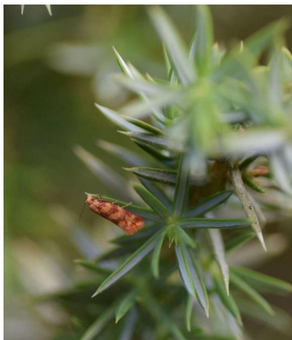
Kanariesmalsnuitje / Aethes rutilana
==
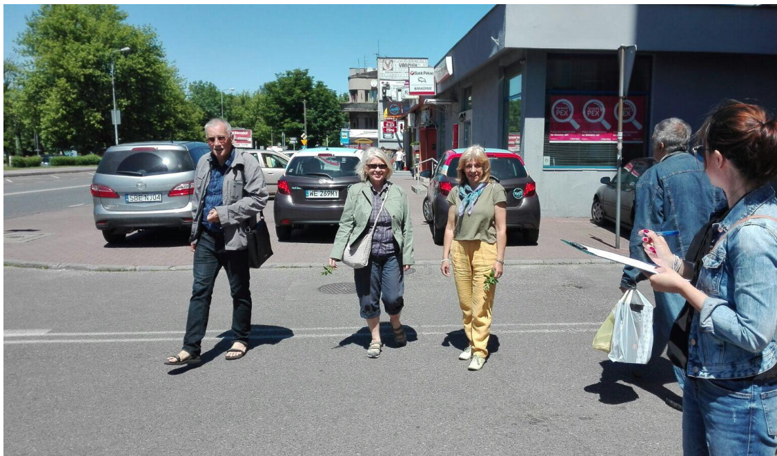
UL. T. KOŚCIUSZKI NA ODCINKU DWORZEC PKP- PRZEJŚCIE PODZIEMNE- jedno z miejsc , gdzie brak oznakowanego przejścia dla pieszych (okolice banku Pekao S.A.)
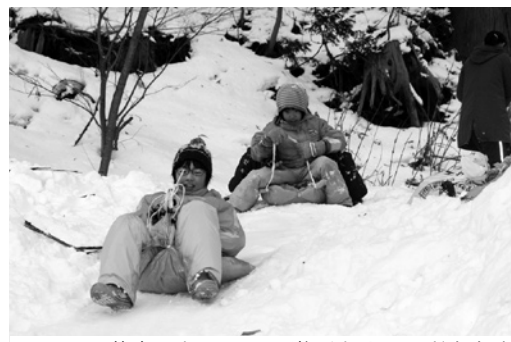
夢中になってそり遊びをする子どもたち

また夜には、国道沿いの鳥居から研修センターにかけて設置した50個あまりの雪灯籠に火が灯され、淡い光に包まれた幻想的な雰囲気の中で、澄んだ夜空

Exercise objective - Leave out every picture, and copy exactly the lines above starting at the one holding "UL. T. KOŚCIUSZKI" and ending at the one holding "また夜には、国道沿いの鳥居か", no more and no less.

Problem solution -
UL. T. KOŚCIUSZKI NA ODCINKU DWORZEC PKP- PRZEJŚCIE PODZIEMNE- jedno z miejsc , gdzie brak oznakowanego przejścia dla pieszych (okolice banku Pekao S.A.)
夢中になってそり遊びをする子どもたち

また夜には、国道沿いの鳥居から研修センターにかけて設置した50個あまりの雪灯籠に火が灯され、淡い光に包まれた幻想的な雰囲気の中で、澄んだ夜空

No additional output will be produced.